Aug_Mean <- Aug_Mean %>%
  rename('mmeanT' = 'mean(meanT)')
  
Aug_Mean$'mmeanT' <- round(Aug_Mean$'mmeanT', 1)

Aug_Mean$Aug_Decade <- (Aug_Mean$Year %/% 10) * 10 
Aug_avg <- Aug_Mean %>%
  group_by(Aug_Decade) %>%
  summarize(Decade_Avg = mean(mmeanT, na.rm = TRUE))

Aug_Mean$Aug_7ma <- rollmean(Aug_Mean$mmeanT, 7, fill = NA, align = "center")

ggplot() +
  geom_bar(data = Aug_avg, aes(x = Aug_Decade, y = Decade_Avg, fill = "Decadal Average"), 
           stat = "identity", alpha = 0.8, width = 8) +
  geom_line(data = Aug_Mean, aes(x = Year, y = mmeanT, color = "Yearly Temperature"), size = 1) +
  geom_line(data = Aug_Mean, aes(x = Year, y = Aug_7ma, color = "7-Year Moving Average"), size = 1) +
  labs(
    title = "Change in August Mean Temperature (1984-2024)",
    x = "Year",
    y = "Mean Temperature (°C)",
    color = "",
    fill = ""
  ) +
  scale_color_manual(values = c("Yearly Temperature" = "yellowgreen", "7-Year Moving Average" = "blue")) +
  scale_fill_manual(values = c("Decadal Average" = "orange")) +
  theme_minimal() +
  theme_tufte()
## Warning: Removed 6 rows containing missing values or values outside the scale range
## (`geom_line()`).

  • January mean temperatures are rising overall, indicating warmer winters

  • The year 2011 appears to be an outlier.

January

Jan_Mean <- Korea %>%
  filter(Month == "01")

Jan_Mean <- Jan_Mean %>%
  group_by(Year) %>%
  summarise(mean(meanT))

Jan_Mean <- Jan_Mean %>%
  rename('mmeanT' = 'mean(meanT)')

Jan_Mean$'mmeanT' <- round(Jan_Mean$'mmeanT', 1)
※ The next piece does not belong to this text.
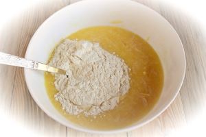 Все тщательно перемешиваем, всыпаем муку.

Jan_Mean$Jan_Decade <- (Jan_Mean$Year %/% 10) * 10 
Jan_avg <- Jan_Mean %>%
  group_by(Jan_Decade) %>%
  summarize(Decade_Avg = mean(mmeanT, na.rm = TRUE))

Jan_Mean$Jan_7ma <- rollmean(Jan_Mean$mmeanT, 7, fill = NA, align = "center")

ggplot() +
  geom_bar(data = Jan_avg, aes(x = Jan_Decade, y = Decade_Avg, fill = "Decadal Average"), 
           stat = "identity", alpha = 0.7, width = 9) +
  geom_line(data = Jan_Mean, aes(x = Year, y = mmeanT, color = "Yearly Temperature"), size = 1) +
  geom_line(data = Jan_Mean, aes(x = Year, y = Jan_7ma, color = "7-Year Moving Average"), size = 1) +
  labs(
    title = "Change in January Mean Temperature (1984-2024)",
    x = "Year",
    y = "Mean Temperature (°C)",
    color = "",
    fill = ""
  ) +
  scale_color_manual(values = c("Yearly Temperature" = "yellowgreen", "7-Year Moving Average" = "red")) +
  scale_fill_manual(values = c("Decadal Average" = "blue")) +
  theme_minimal() +
  theme_tufte() 
## Warning: Removed 6 rows containing missing values or values outside the scale range
## (`geom_line()`).

  • August mean temperatures are rising overall, indicating hotter summers.

Conclusion

Winter:

Both minimum and average temperatures in January are rising, with extreme cold becoming less frequent.

Winters are gradually getting warmer over time.

Summer:

Both maximum and average temperatures in August have steadily increased since 1984.

Summers are gradually getting hotter with more frequent and prolonged heatwaves.